Intra-abdominal pressure was measured using the intra-bladder technique according to Kron et al. [16] with an instilling volume of 20 mL of sodium chloride 0.9% solution. IAP was measured every 6 h. Intra-abdominal hypertension and abdominal compartment syndrome were diagnosed in compliance with WSACS guidelines. For research purposes, IAH was determined if the average IAP of four consecutive measurements (thus during 24 h) was ≥ 12 mmHg. New organ failure was diagnosed if the score in one of six SOFA subdomains increased to ≥ 3, compared with the day before. ACS was diagnosed if an IAP above 20 mmHg and new organ failure occurred at the same measurement.

Statistical analysis

An overall population of 100 patients (consisting of 50 with IAH and 50 without) would be sufficient to detect a 0.5 SD increase to 26 ± 10 ng/mL in I-FABP level in patients with IAH (two-sided test with an α level of 0.05) with > 85% statistical power [17]. Statistical analyses were performed using IBM SPSS statistics 22 (IBM, Armonk, NY, USA). Receiver operating characteristic (ROC) analysis and calculation of the Youden index associated criterions were performed with MedCalc Statistical Software version 17.4 (MedCalc Software bvba, Ostend, Belgium; http://www.medcalc.org; 2017).

Normality of continuous data was assessed by the Shapiro Wilk test. Homogeneity of variances was tested using the Levene’s test. Since all continuous data deviated from the standard normal distribution, they are presented as median and quartiles and compared using the Mann–Whitney U-test. Statistical significance was accepted at p < 0.05.

A linear mixed-effect model was used to determine the correlation between I-FABP levels and IAP. For this analysis, restricted maximum likelihood method was used, a random intercept and slope were considered. BMI, age, gender, APACHE II score, TBSA, presence of abdominal and thoracic burns, and inhalation injury, resuscitation volume administered in first 8 h and 24 h, intra-abdominal pressure, mean arterial pressure, levels of lactate and CRP, base excess and time from baseline measurement were entered as covariates into the model to evaluate their effect on the correlation between I-FABP level and IAP.

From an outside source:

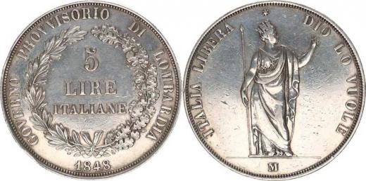 5 Lire 1848 M - krátké konce ratolestí věnce nad letopočtem, hvěz da nad korunou Nov. 39a; Veselý 12 24,97 g_dr. rys.

Diagnostic characteristics of urinary I-FABP levels on the determination of IAH and new organ failure were tested using ROC analysis. The corresponding cut-off values and associated sensitivity and specificity were determined. Areas under the ROC curve are shown as measure of overall diagnostic performance.

The predictive value of I-FABP levels on IAH, and organ failure was visualized by plotting re-aligned measurements of the biomarker on the moment (T = 0) of peak IAP. Median (P25P75) I-FABP levels were plotted separately for patients with the outcome of interest and control patients.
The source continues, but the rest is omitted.